It was one year ago that I was unceremoniously, and illegally, fired from my job by Tricia McGarry. She made a slew of false and ridiculous accusations (including how ALL of my clients hated me and wanted me off their accounts- all of those same clients would call me personally within the week to offer me jobs, or offer to help me find a job). At that point in time our paychecks were seriously late. We hadn't been paid in full in several weeks. By Utah law, she had 24 hours to pay me in full. It took her over a week to get me my check. Even then it was short several hundred dollars, and it bounced.
If you have been following this blog for the past year you know that I still have not been paid. I've been to court where I tried to sue her, but her lawyer made up some total lies about a claim I supposedly had through a different system (I didn't, but I do now!), and my case was dismissed. The state has now passed on my claim (and the claims of my co-workers) to a collections agency. I won't go into great detail on how that is the biggest disappointment ever. We're still looking at years before I may or may not ever get the money she owes me.
This experience over the past year has taught me a lot. I've learned that there really and truly are totally dishonest people in this world. And people who do not care in the least about how their selfish actions effect other people. If just once my old employer had apologized for the situation, and explained how the company was bankrupt, I could have accepted things, walked away, and never asked for my money. But instead, she's lied to us, avoided us, and even gone out of her way to threaten us and hurt us. Its truly ridiculous.
My faith and desire to trust other people has dwindles significantly. I used to believe that for the most part, all people were good, but that some people are just misunderstood. I didn't really think that there were truly bad people out there who want to hurt you.
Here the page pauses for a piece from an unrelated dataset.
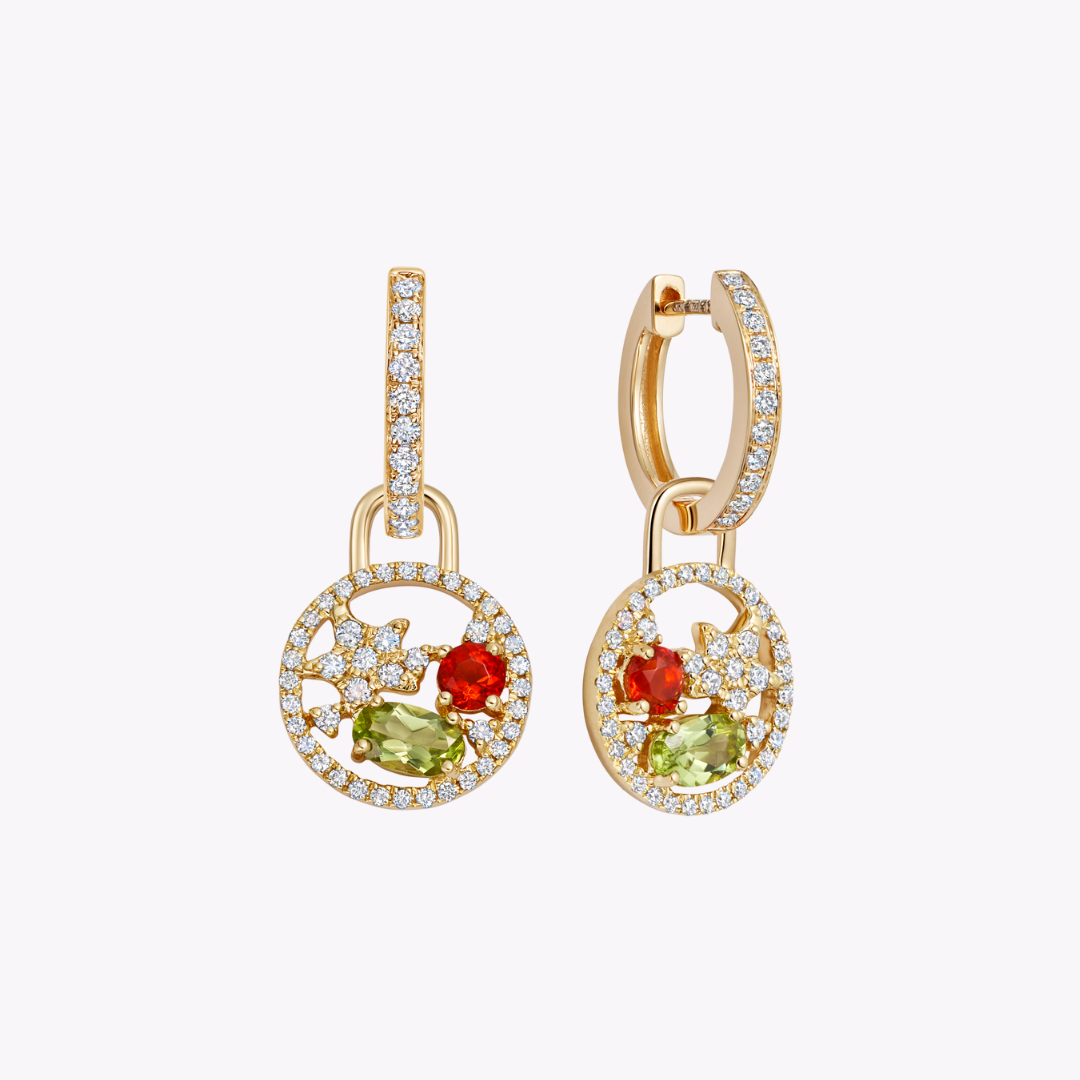 Add these peridot, fire opal and diamond star 'Cluster' drops in 18ct yellow gold to your Kiki Hoops for a playful addition to your detachable drops collection (peridot is approximately 0.51ct, fire opal is 0.24ct, diamond is 0.30ct).

The stupid part of this is that I have been hurt in the past by people who wanted to hurt me. But those were people with grudges, or were operating under a misunderstanding. I can forgive those people (no matter how stupid they are, and how much they hurt me). But this is the first time I have ever been hurt by someone who had no reason to lash out at me. Its a strange and unfortunate feeling.
One of the unexpected side effects of this experience has been a significant change in my political leanings. I have been a libertarian for many years, but rarely voted as one. The Libertarian Party rarely offers up a strong candidate. After my dealings with the state, and realizing what a strong big business political policy can do to individuals, I'm more and more a Libertarian every day.
Other unexpected side effects have included making new friends, and finding which friends would be there for me in a bad situation. I was forced to learn more about the welfare system, the court system, the banking system and unemployment laws than I ever cared to know.
Have I come out on top? Am I a better person for this hardship? Part of me hates to say yes. I don't want to give my ex-employer that ammo in her arsenal that somehow I am better off because she fired me. But, I will say this. When she fired me she told me she wasn't surprised I hadn't made it far in life, and that she didn't think I would ever get far. She made up some crap about how my work style and personal affairs would keep me at the bottom of the food chain professionally.
Well, since then, I have doubled my salary, and worked my way up to a much fancier job title. I've moved out of my little (but nice) 1 bedroom apartment, and into a beautiful home. I'm on my way to becoming a foster parent, something that never could have happened while working for her and her ridiculous hours. Some of my best professional contacts are those same clients she claimed wanted nothing to do with me. And I haven't had one panic attack worrying about whether or not she was going to fly off the handle over something stupid.
So yes, I'd say I'm better off now than I was a year ago. But not because she fired me. But because I'm rid of her.